Can Fibromyalgia Cause Seizures?

Fibromyalgia is a chronic disorder characterized by widespread musculoskeletal pain, profound fatigue, and sleep disturbances. Seizures are episodes of abnormal, uncontrolled electrical activity in the brain that cause changes in behavior, movements, or consciousness. Individuals experiencing both conditions often wonder if fibromyalgia causes these neurological episodes. This article examines the relationship between fibromyalgia and seizure activity.

The Direct Answer: Fibromyalgia Does Not Cause Epilepsy

Fibromyalgia is not classified as an epileptic disorder and does not directly cause true epileptic seizures. A true epileptic seizure arises from a sudden, synchronized, and abnormal electrical discharge in the brain’s neurons. Fibromyalgia is a pain processing disorder involving central nervous system sensitization, which uses a fundamentally different underlying mechanism.

The two conditions sometimes co-occur in the same patient, suggesting an associative link. Population studies show an increased prevalence of fibromyalgia among individuals diagnosed with epilepsy, and vice versa. This overlap indicates that shared biological vulnerabilities or common risk factors may be involved.

Understanding Seizure-Like Events in Fibromyalgia

A large part of the confusion stems from psychogenic non-epileptic seizures (PNES), which are common in the fibromyalgia population. PNES are episodes that closely resemble epileptic seizures, involving movements or altered awareness, but they are not caused by abnormal brain electrical activity. They are considered a functional neurological disorder where physical symptoms manifest in response to psychological distress or severe chronic pain.

Studies show that among fibromyalgia patients who experience paroxysmal neurological events, up to 74% are ultimately diagnosed with PNES. These events are physical manifestations of a nervous system overloaded by chronic pain signals, stress, and associated mood disorders. Unlike true epileptic seizures, PNES often feature non-stereotypical movements, can last for extended periods, and rarely cause self-injury.

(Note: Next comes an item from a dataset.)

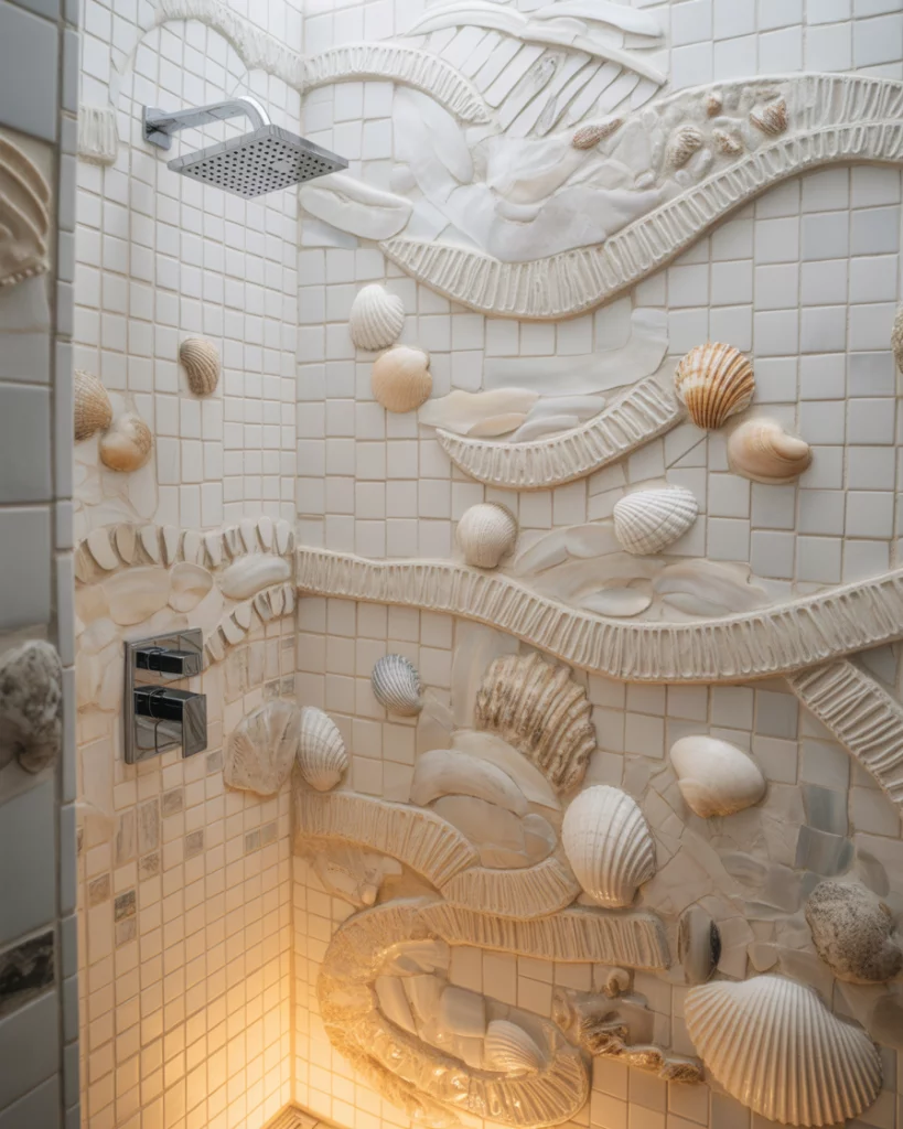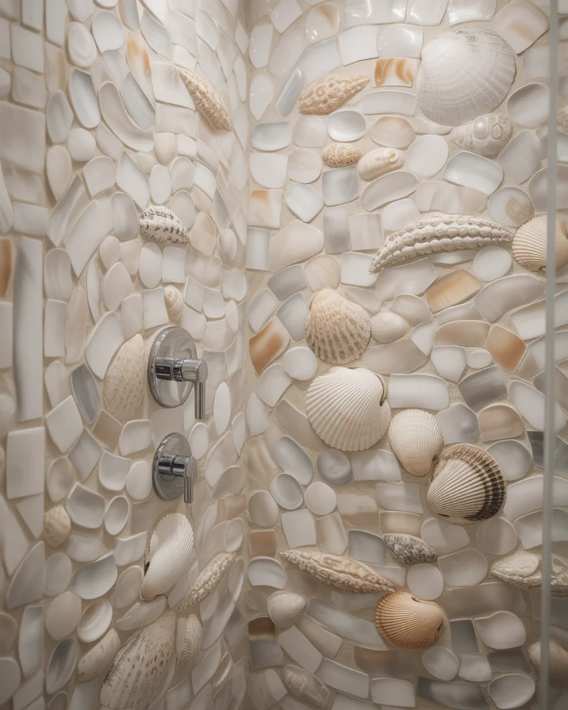 A coastal mosaic made of pearly shells or iridescent tiles instantly brightens your bathroom. Ideal for a walk in or with tub setup, this shimmering finish reflects light beautifully, especially in small bathrooms. Combine it with white grout and sandy beige tones for that seaside calm. Add wicker baskets or driftwood accessories to complete the look. It’s breezy yet timeless, like a summer morning on the coast.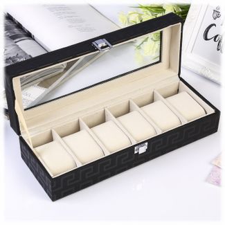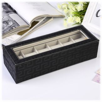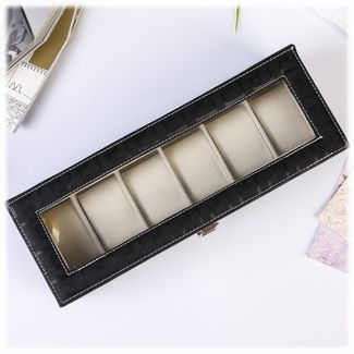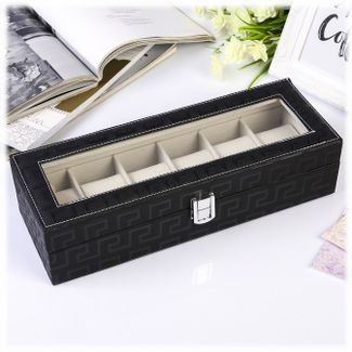 Шкатулка для браслетов и часов размером 31*11*8 см выполнена из текстурной искусственной кожи. Внутри шкатулка "Дамиана" разделена на шесть отсеков, оборудованных валиками для удобного и наглядного хранения часов или браслетов. Крышка оснащена прозрачным стеклом, закрывается шкатулка на замочек. Внутренняя поверхность шкатулки оформлена светлым флоком, что придаёт ей шарм и изысканность.

Other fibromyalgia symptoms are sometimes mistaken for minor seizure activity. Severe muscle spasms and myoclonus, which are sudden, involuntary muscle jerks, can be misinterpreted as seizure-like movements. Episodes of intense “fibro fog,” characterized by cognitive impairment or disorientation, can also temporarily mimic an altered state of consciousness. These functional symptoms are rooted in central nervous system dysfunction but lack the electrical signature of epilepsy.

Shared Neurological Links and Comorbid Conditions

The co-occurrence of fibromyalgia and seizure disorders suggests shared underlying physiological pathways. Central sensitization is key to fibromyalgia, causing the nervous system to amplify pain signals and heighten sensitivity to stimuli. This state of constant neurological excitation may contribute to a lower threshold for other neurological disturbances.

Chronic pain modifies the activity of certain brain structures over time. This long-term neurological change, characteristic of fibromyalgia, could affect the brain’s susceptibility to paroxysmal events. Furthermore, both conditions share common comorbidities that complicate the clinical picture.

Conditions like chronic fatigue syndrome, migraines, anxiety disorders, and depression are frequently seen in patients with both fibromyalgia and seizure disorders. These co-occurring illnesses may share neurotransmitter imbalances or inflammatory pathways. The use of anti-seizure medications, such as gabapentin and pregabalin, to manage fibromyalgia pain further highlights this overlap in neurological targets.

Clinical Evaluation and Differential Diagnosis

When a patient with fibromyalgia reports seizure-like episodes, a thorough clinical evaluation is necessary. The distinction between true epileptic seizures and PNES is paramount because the treatments are entirely different. Misdiagnosing PNES as epilepsy can lead to ineffective and potentially harmful use of anti-epileptic drugs.

The definitive diagnostic tool for this differentiation is Video-Electroencephalography (VEEG) monitoring. This process involves continuous video recording of the patient’s physical events while simultaneously recording their brain’s electrical activity using an EEG. If a patient experiences an episode and the EEG tracing remains normal, the event is confirmed as non-epileptic, likely PNES.

A true epileptic seizure is accompanied by clear, abnormal electrical discharges visible on the EEG recording. Patient history is also invaluable, as a detailed description of the event’s onset, duration, and movements provides clues to the diagnosing neurologist. Other physiological causes, such as cardiac events or metabolic disorders, must also be ruled out.